Jerry Schirmer's answer applies in an infinite space. If you put the system in a box there is no problem: the normalized wavefunction is $\mathrm{e}^{ikx}/\sqrt{V}$. This is the usual theoretical device to make everything nice and well behaved. Then we take the limit $V\rightarrow\infty$ at the end of the day and, if we've done our job correctly, all of the $V$ dependence should drop out of the final answer. It's not too unreasonable either, since we don't actually know that the universe is infinite. Infinite for all practical purposes might as well just be a big box.
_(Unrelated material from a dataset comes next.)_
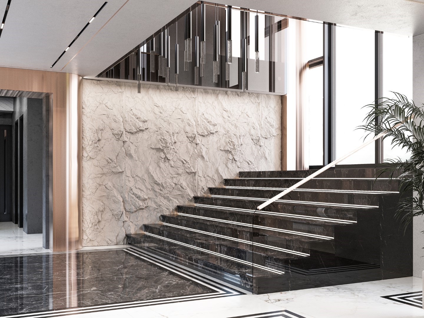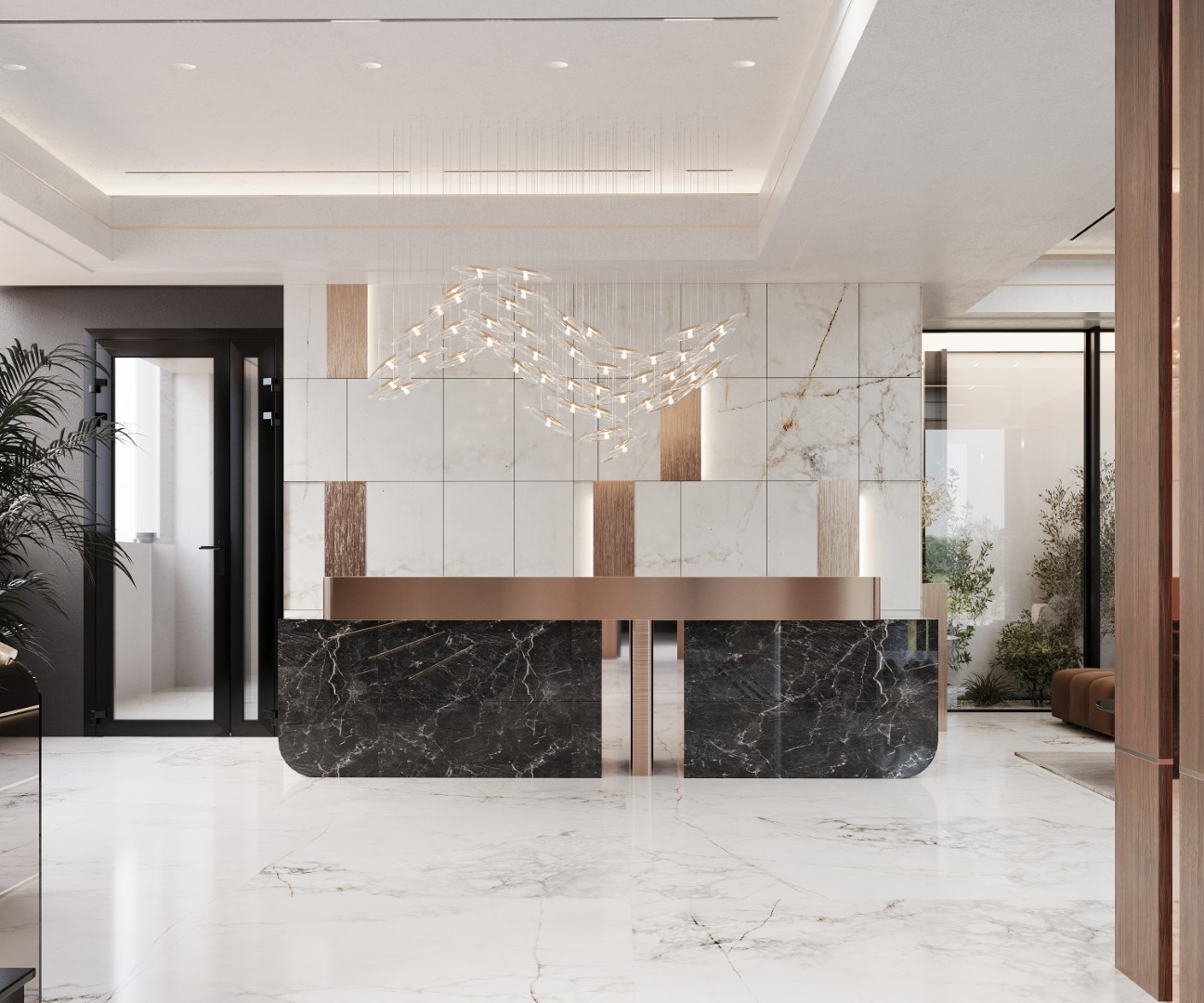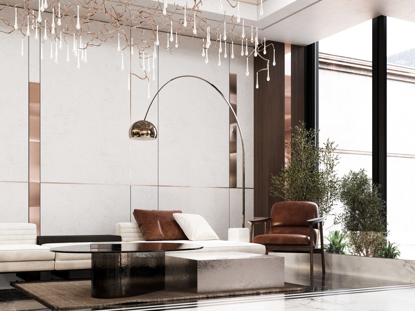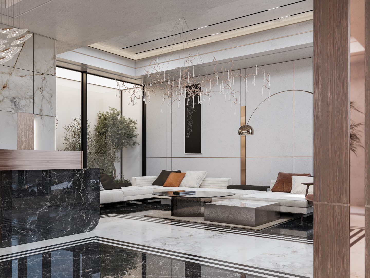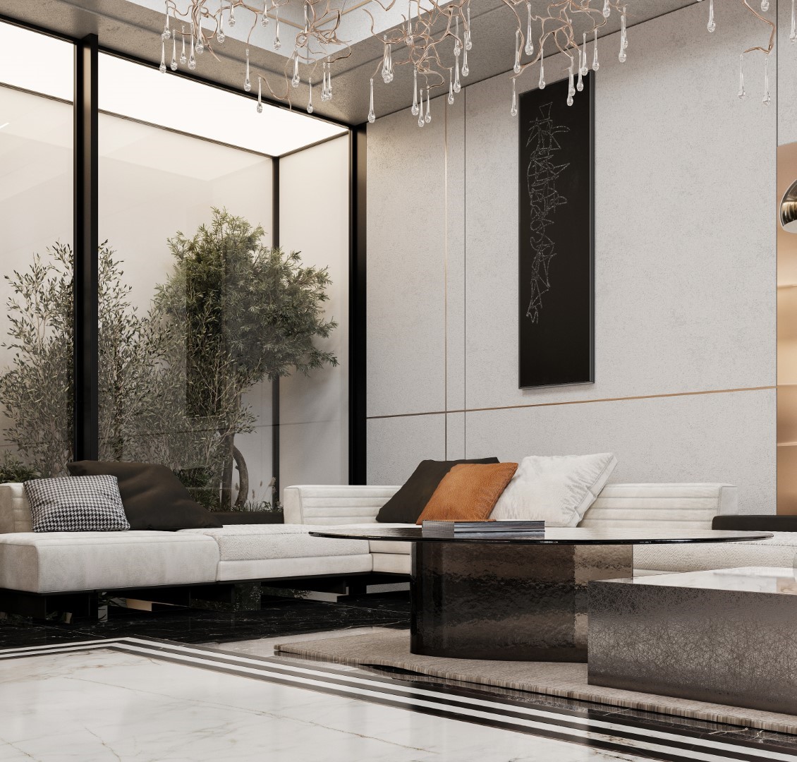 Showcases a luxurious neoclassical living room using ornate wall moldings and polished marble flooring. The design is anchored by rich cognac leather sofas and a grand crystal chandelier, creating a high-end, timelessly elegant vibe

EDIT in response to comments:

Assume we operate in a box of volume $V$ (in any number of dimensions - interpret as length, area or volume as appropriate). We want to find the normalisation factor $N$ for the wavefunction $\psi = N \mathrm{e}^{i\vec{k}\cdot\vec{x}}$. So we calculate the norm of the wavefunction, which must be equal to one:

$$ \begin{array}{lcl} 1 &=& \int\mathrm{d}x\ \psi^\star \psi \\ &=& \int\mathrm{d}x\ N^\star N \\ &=& \left| N \right|^2 V \end{array}$$

So $N$ has a magnitude of $1/\sqrt{V}$ and an arbitrary phase which can be chosen to make it real and positive.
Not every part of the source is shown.